■ **Exercise**: The expected output is each line from the one containing "need for hand-tuning." to the last line of the data below, set down exactly, minus the pictures.

Records contained in a dataset:
- - - - - - -
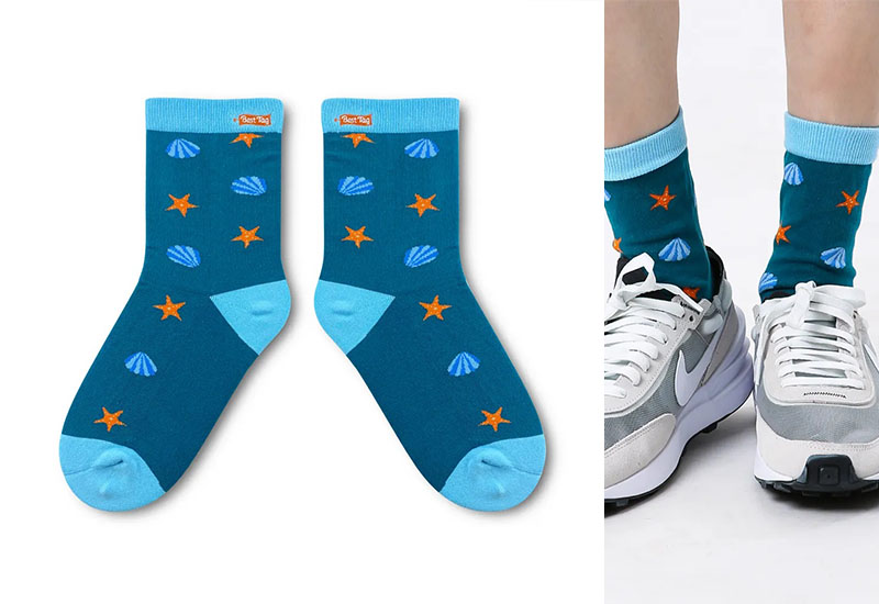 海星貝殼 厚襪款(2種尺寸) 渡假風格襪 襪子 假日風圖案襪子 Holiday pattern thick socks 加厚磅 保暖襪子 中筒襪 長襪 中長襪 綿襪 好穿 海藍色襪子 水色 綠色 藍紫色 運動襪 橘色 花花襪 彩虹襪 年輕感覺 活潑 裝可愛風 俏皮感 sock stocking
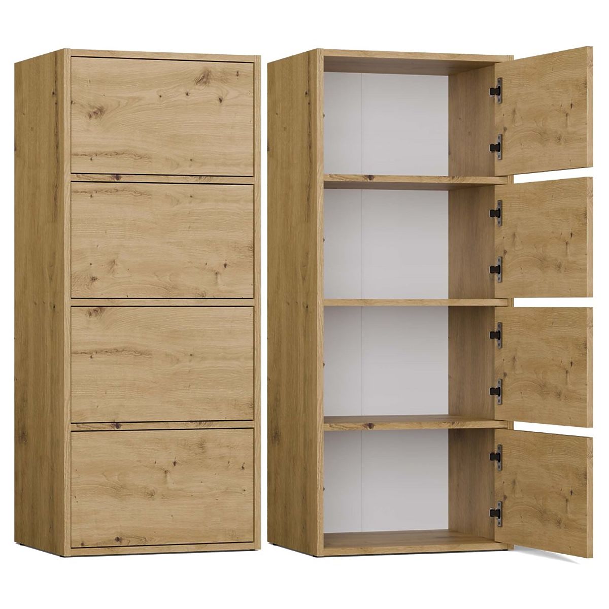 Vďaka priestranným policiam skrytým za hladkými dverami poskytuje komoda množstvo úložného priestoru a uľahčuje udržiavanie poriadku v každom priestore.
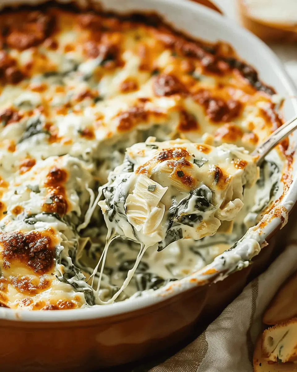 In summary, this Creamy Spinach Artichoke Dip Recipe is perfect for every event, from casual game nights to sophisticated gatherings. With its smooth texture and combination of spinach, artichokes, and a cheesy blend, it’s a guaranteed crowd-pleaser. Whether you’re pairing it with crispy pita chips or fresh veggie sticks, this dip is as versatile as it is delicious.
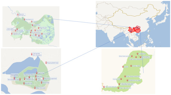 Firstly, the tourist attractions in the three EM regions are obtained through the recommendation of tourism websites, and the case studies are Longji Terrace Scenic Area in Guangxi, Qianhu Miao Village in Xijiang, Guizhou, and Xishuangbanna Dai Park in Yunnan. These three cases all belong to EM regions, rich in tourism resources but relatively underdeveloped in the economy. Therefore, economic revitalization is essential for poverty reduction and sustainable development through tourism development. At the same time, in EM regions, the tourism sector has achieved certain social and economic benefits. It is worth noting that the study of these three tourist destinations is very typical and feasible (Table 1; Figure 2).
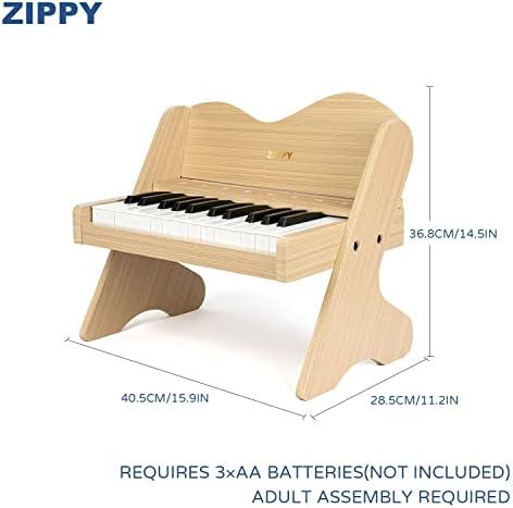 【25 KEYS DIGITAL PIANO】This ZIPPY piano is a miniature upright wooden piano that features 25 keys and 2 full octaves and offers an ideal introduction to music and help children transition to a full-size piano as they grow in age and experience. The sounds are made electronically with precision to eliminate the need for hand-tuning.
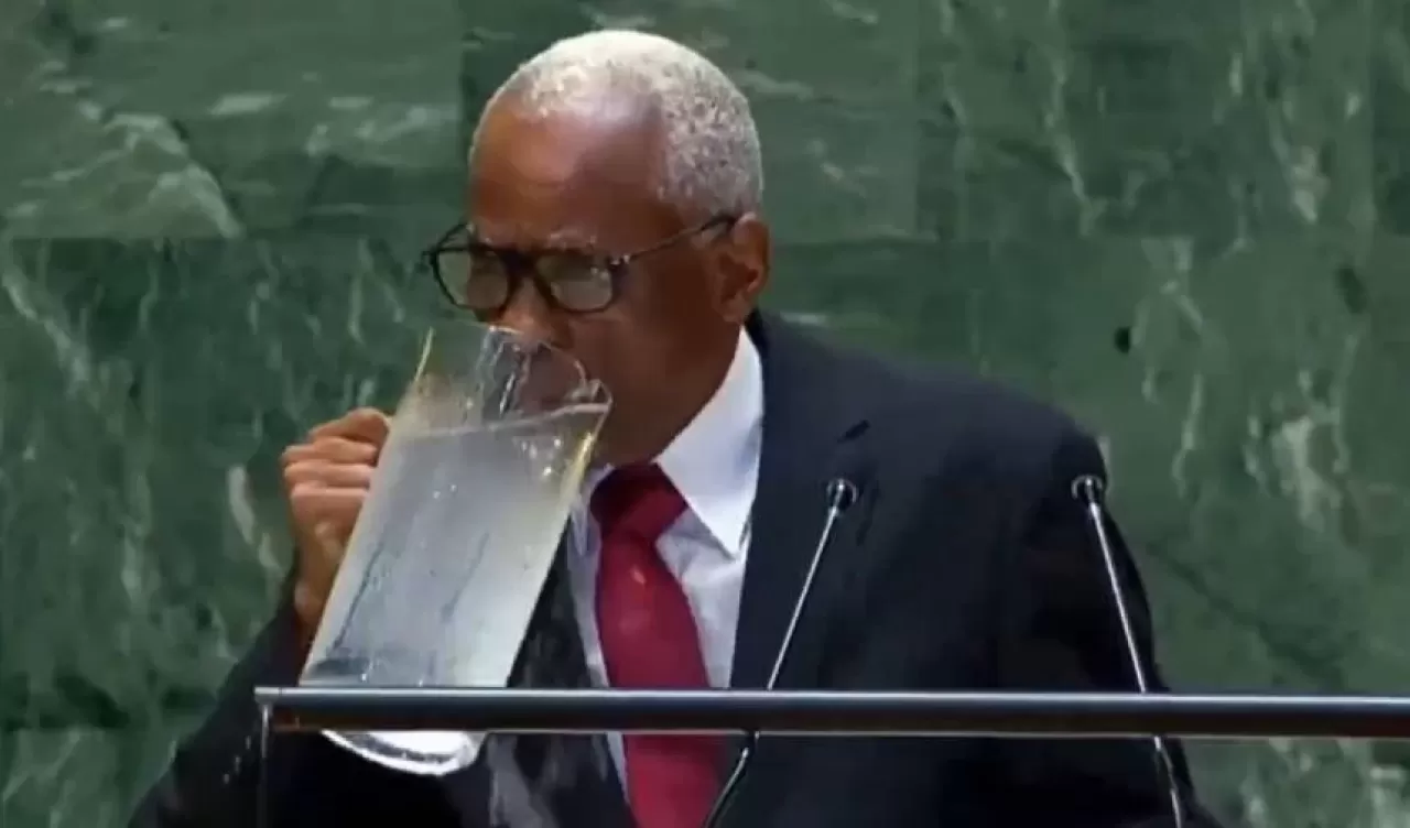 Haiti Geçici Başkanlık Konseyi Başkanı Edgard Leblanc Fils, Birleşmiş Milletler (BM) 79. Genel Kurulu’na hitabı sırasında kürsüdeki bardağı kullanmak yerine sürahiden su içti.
- - - - - - -
■ **Problem solution**:
 【25 KEYS DIGITAL PIANO】This ZIPPY piano is a miniature upright wooden piano that features 25 keys and 2 full octaves and offers an ideal introduction to music and help children transition to a full-size piano as they grow in age and experience. The sounds are made electronically with precision to eliminate the need for hand-tuning.
 Haiti Geçici Başkanlık Konseyi Başkanı Edgard Leblanc Fils, Birleşmiş Milletler (BM) 79. Genel Kurulu’na hitabı sırasında kürsüdeki bardağı kullanmak yerine sürahiden su içti.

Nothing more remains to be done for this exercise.